La situation n’est pas la même pour QS, qui est un parti en croissance et qui naturellement, voit dans une possible convergence un obstacle à sa progression. L’objectif de QS, ce n’est pas de converger avec le PQ mais de l’achever et de le remplacer.  Il ne veut pas s’arrimer à une coalition souverainiste qui prendrait le pouvoir en 2018 et dont il serait un partenaire minoritaire. Il veut être le cœur d’une grande alternative progressiste capable de balayer la classe politique en 2022 et de faire entrer le Québec dans une nouvelle époque. Gabriel Nadeau-Dubois incarne cette promesse politique. Sa lune de miel avec une partie de l'électorat ne fait que commencer.


Surtout, dans la mesure où Québec solidaire est de plus en plus étranger à toute forme de nationalisme ancré dans la majorité historique francophone et ses luttes historiques, il ne sent aucune urgence sur le plan de la question nationale. Son indépendantisme est moins animé par un projet d’émancipation nationale que par une quête de transformation sociale radicale. Il semble étranger et même hostile à l'angoisse d'une dissolution de la patrie, dans laquelle il ne semble voir qu'une xénophobie larvée – c'est peut-être inévitable quand on définit un pays moins par son identité historique que par l’idéologie à laquelle on veut le soumettre. Ce qu'on appelait autrefois l'assimilation du peuple québécois ne l'inquiète pas. Son souverainisme relève moins du nationalisme que d’une forme de néo-socialisme. La gauche radicale préfère toujours son idéologie à la nation.


On en arrive donc à la situation suivante.


En ce moment, le PQ pousse moins son propre agenda et sa propre vision du Québec qu’il n’adopte une posture moralement sacrificielle où il veut montrer à tous qu’il est prêt à multiplier les concessions pour bâtir une coalition antilibérale. Il veut faire comprendre aux électeurs solidaires qu’il est prêt à faire des concessions pour bâtir un programme commun. Il veut probablement révéler par effet de contraste le sectarisme de la direction de QS et sa monomanie idéologique.
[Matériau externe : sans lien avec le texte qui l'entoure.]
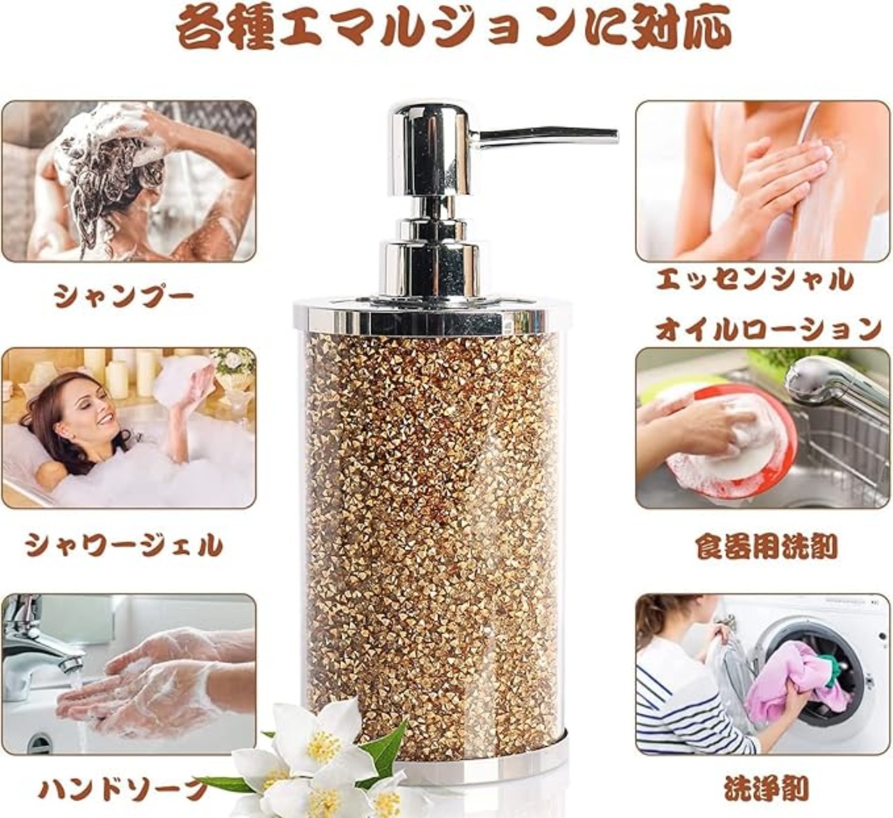 【多用途】ガラスソープディスペンサーは、洗濯室、またはシンクの隣で使用できます。液体石鹸、食器用洗剤、ローション、エッセンシャルオイル、シャンプー、ボディウォッシュ、マウスウォッシュなどに最適です。 クリスタルが輝くハイエンドファッションは、アートと人生の完璧な組み合わせです。

C’est une stratégie qui théoriquement, se défend : le PQ espère capitaliser ainsi sur le ras-le-bol à l’endroit des libéraux. Maiss le PQ peine aujourd'hui, à assumer une charge existentielle forte, sauf pour la part de l'électorat indépendantiste qui voit dans chaque élection un pré-référendum.


Il faut dire que le PQ n’est pas certain lui-même de sa mission historique – l’échec de l’indépendance n’y est pas pour rien, naturellement. Quels sont les «fondamentaux» du péquisme? S’agit-il d’un nationalisme historico-politique centré sur une mission essentielle : assurer la survie et l’émancipation politique du peuple québécois? Ou s’agit-il d’un souverainisme progressiste et technocratique inséparable du modèle social mis en place avec la Révolution tranquille. Naturellement, les deux perspectives peuvent s’emboiter. Mais laquelle est dominante? Le PQ serait-il même capable de voir QS comme QS le voit : à la manière d'un parti à combattre ouvertement?
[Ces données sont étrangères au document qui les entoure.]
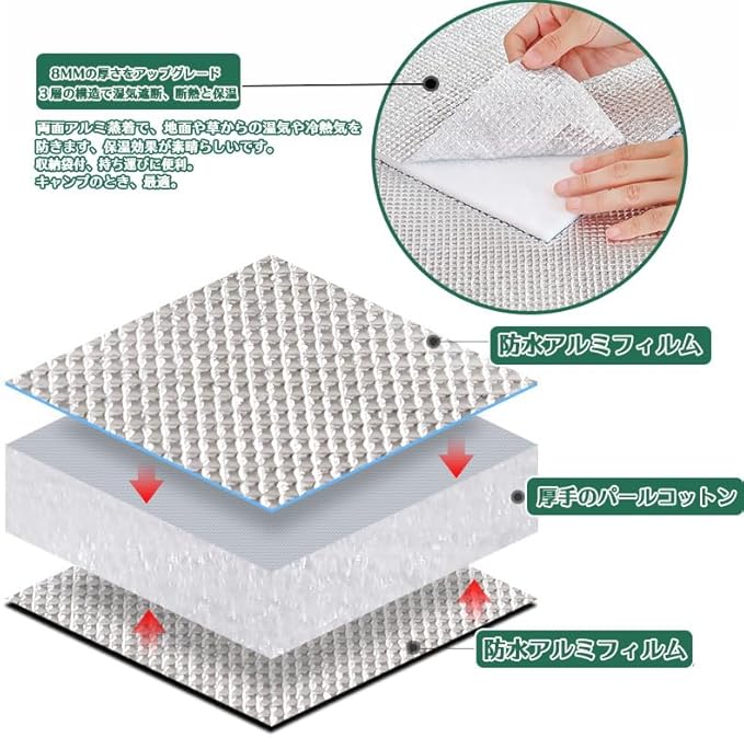 【アップグレード版素材】厚さ約8mm双面アルミニウム膜防潮マットは、両面アルミ膜の中の良質なパールコットンを採用しています。高品質のアルミホイルですので、防水防湿で、優れた断熱性と摩擦耐えの性能があり、引っ張っても割れない。
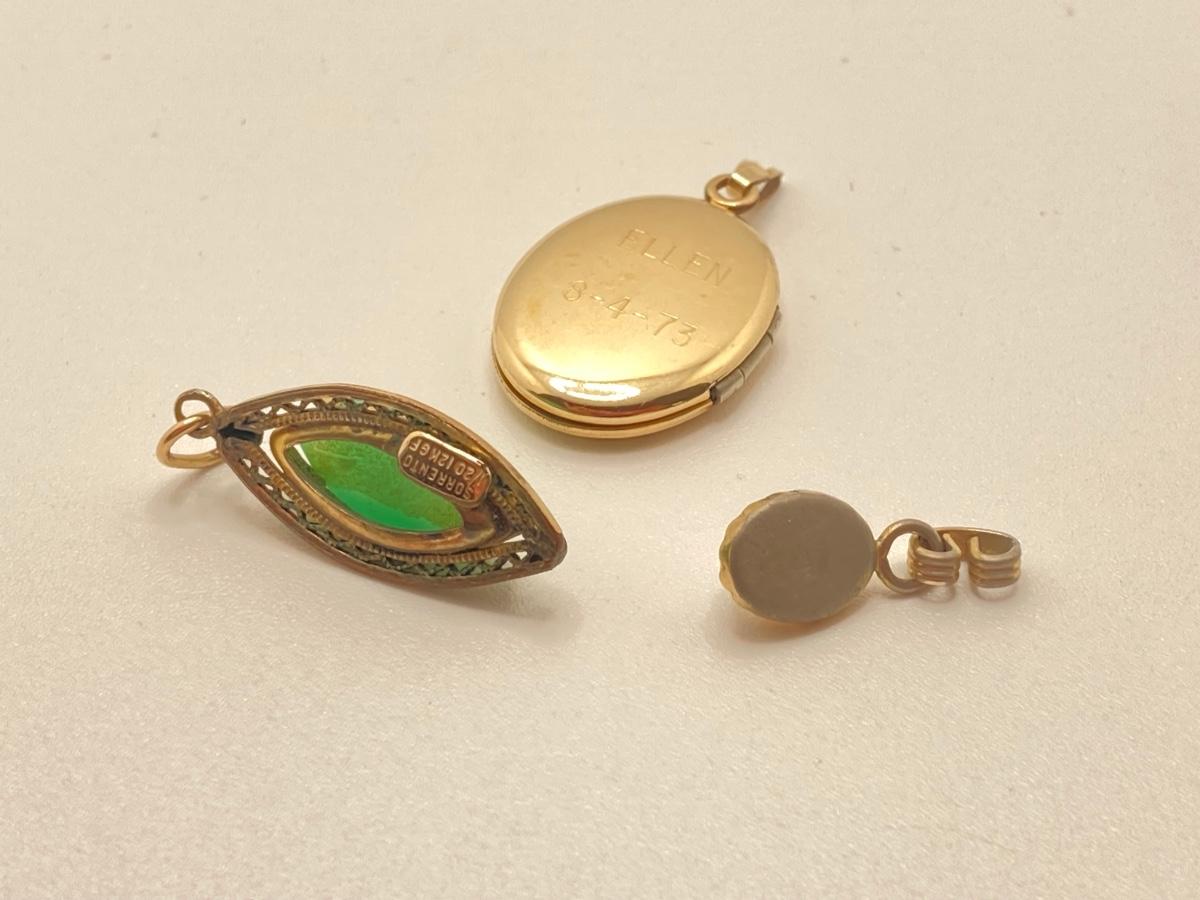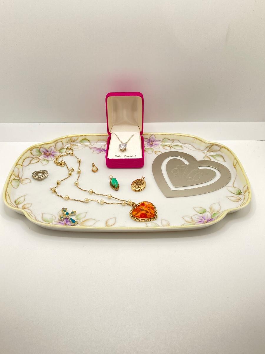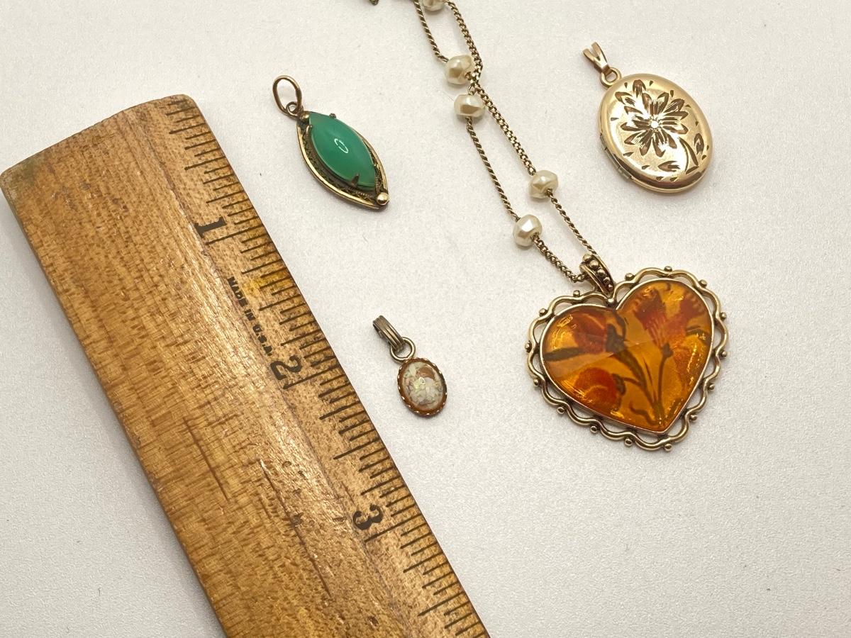 LOT 52: Vintage Jewelry Collection - Liz Claiborne Heart Pendant Necklace, Locket, Sorrento Gold Filled Pendant with Hand Painted Nippon Tray and More
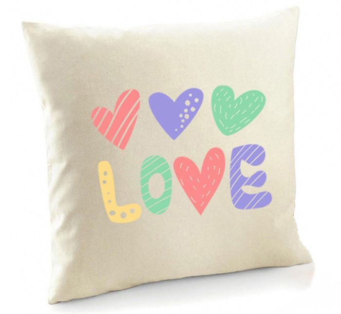 Poszewka Kolorowe Love z kolorowymi sercami.
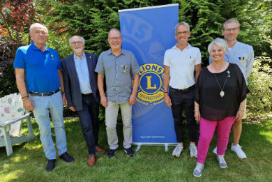 Wechsel bei den Oberkircher Lions: Bei einem lockeren Zusammensein bei Erfrischungsgetränken und kleinen Snacks fand im üblichen Jahresrhythmus die Amtsübergabe statt. Die Aufnahme zeigt von links: Activity-Master Tadeusz Turek; Rainer Stier, Mitgliedsbeauftragter; der neue Präsident Hardy Müns; Nicolas Erdrich, erster Vizepräsident; Liane Karden-Krauss, Clubsekretärin und Past-Präsident Hannes Schmidt. Nicht dabei sein konnte Schatzmeisterin Andrea Ruch-Erdle.
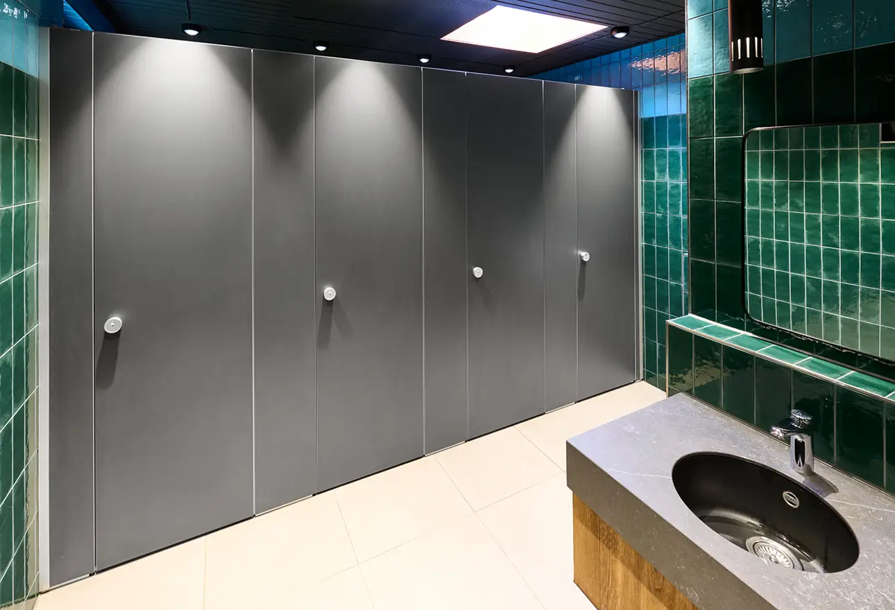 - Die Sanitärtrennwände bilden eine komplett wasserfeste Konstruktion

QS, de son côté, croit que la gauche radicale a enfin son moment dans l’histoire du Québec. Elle pourrait sortir des marges et devenir un des pôles dominants de notre vie politique. Elle émerge toutefois dans un contexte de décomposition collective. La poussée de QS représente de ce point de vue un symptôme inquiétant du déclin du Québec et sa perte de pouvoir. Dans une société vaincue et épuisée, soumise à une forme de néocolonialisme qui ne dit pas son nom, la gauche radicale représente le pôle du fantasme et de l’évasion mentale, un peu à la manière de l’ultramontanisme du XIXe siècle, avec son messianisme compensatoire.


Poussons plus loin cette comparaison: l’ultramontanisme proposait hier à un peuple vaincu et impuissant d’évangéliser l’Amérique. C’était une forme de délire de toute-puissance pour masquer une vraie impuissance politique. Nous ne nous parvenions pas à être maître chez nous mais nous allions iilluminer le monde de notre génie. Il en est de même aujourd’hui de QS, qui incarne cette fois une forme de messianisme progressiste compensatoire. Le Québec a échoué son indépendance, il voit son identité se décomposer, mais nos solidaires ont l’ambition d’en faire le laboratoire mondial du progressisme le plus avancé. C’est l’histoire du Québec: dissimuler nos défaites derrière nos fantasmes.